Military spending is capital intensive, with a shrinking workforce. Jobs in the military industry have plummeted since the 1980’s despite comparatively higher spending in real terms. Much of the tax cash investment goes to overseas firms and profits for the private arms companies. The billions do not trickle down into the general economy.

There is no defence dividend! Today’s DIP will mean another £15 billion for deadly weapons of war, paid for by cuts to critical public services and investment in action to halt climate breakdown. The new Prime Minister Burnham looks set to increase military spending even higher.

Why? In part it’s the political ideology of nationalism. Some bizarre drive to “Restore Britain” as the colonial military Empire of the 19th Century. Britain is directly engaged in warfare right now, billions in armaments going to Ukraine to attack Russia, and billions more spent in support of weapons for Israel’s devastation of Palestine, Lebanon and the US war with Iran. 

Ahead of next week’s NATO meeting, the UK Establishment want to show its power. There is competition for such rearmament across a fast-militarising Europe. Germany wants to be the primary military power in Europe. The US F35 jets delivered to France represent more power and influence to the French. The German rearmament is very serious, reflecting a far-Right section of the ruling class actively wanting military conflict with Russia – even arguing for the “righting the wrongs” of the outcome of the Second World War.

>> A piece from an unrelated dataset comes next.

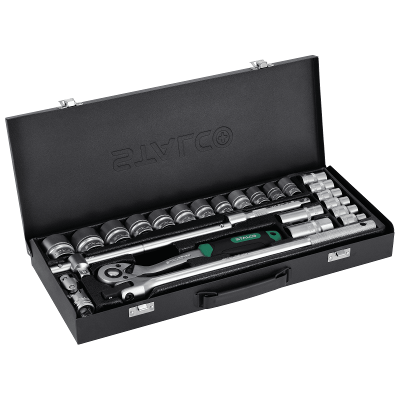 Profesionálna 25-dielna gola sada STALCO v odolnom kovovom kufríku. Univerzálna sada s unášačom 1/2", navrhnutá pre širokú škálu prác v autoopravárenstve, údržbe a priemysle. Obsahuje 1/2" račňu s jemným chodom, širokú paletu nástrčných hlavíc (napr. 10-32 mm) a kompletné príslušenstvo (predĺženia, vratidlo, kĺb). Všetky komponenty sú vyrobené z vysoko pevnej Cr-V ocele. Ideálna základná výbava pre každú profesionálnu dielňu.

2026 has seen the highest amount of global conflict since the Second World War. Nuclear weapons clearly do not prevent war – they actually increase conflict. Yet the UK is investing heavily in nuclear weapons – unusable unless the intention is to destroy all human society. 

Truth is, the UK’s status in NATO relies upon nuclear weapons. The value is not in weaponry but in a seat at the big boys table: the P5 dedicated diplomatic forum where the five permanent UN Security Council members meet to discuss strategic stability and nuclear doctrines. UK consequently also sits on the NATO Nuclear Planning Group (NPG), dependent upon State alignment with US military policy. Nuclear War is the sum total of the “special relationship” with the United States of America.

The illegal Iran War has cost the global economy dear. The UN calculates that at least 32million people will be plunged into poverty as a result of the war, largely through its impact on energy and fertiliser supplies. We will suffer the consequences of shortages and price hikes this Autumn and Winter. 

Thankfully, the majority of the UK population do not want a war. But what does that mean? To stop war we need a show of demand for peace and against rearmament across the country.

It is clear that the warmongers are in power. We have to build a mass anti-war movement, challenging rearmament and militarism now, and placing our social welfare and climate security first and foremost!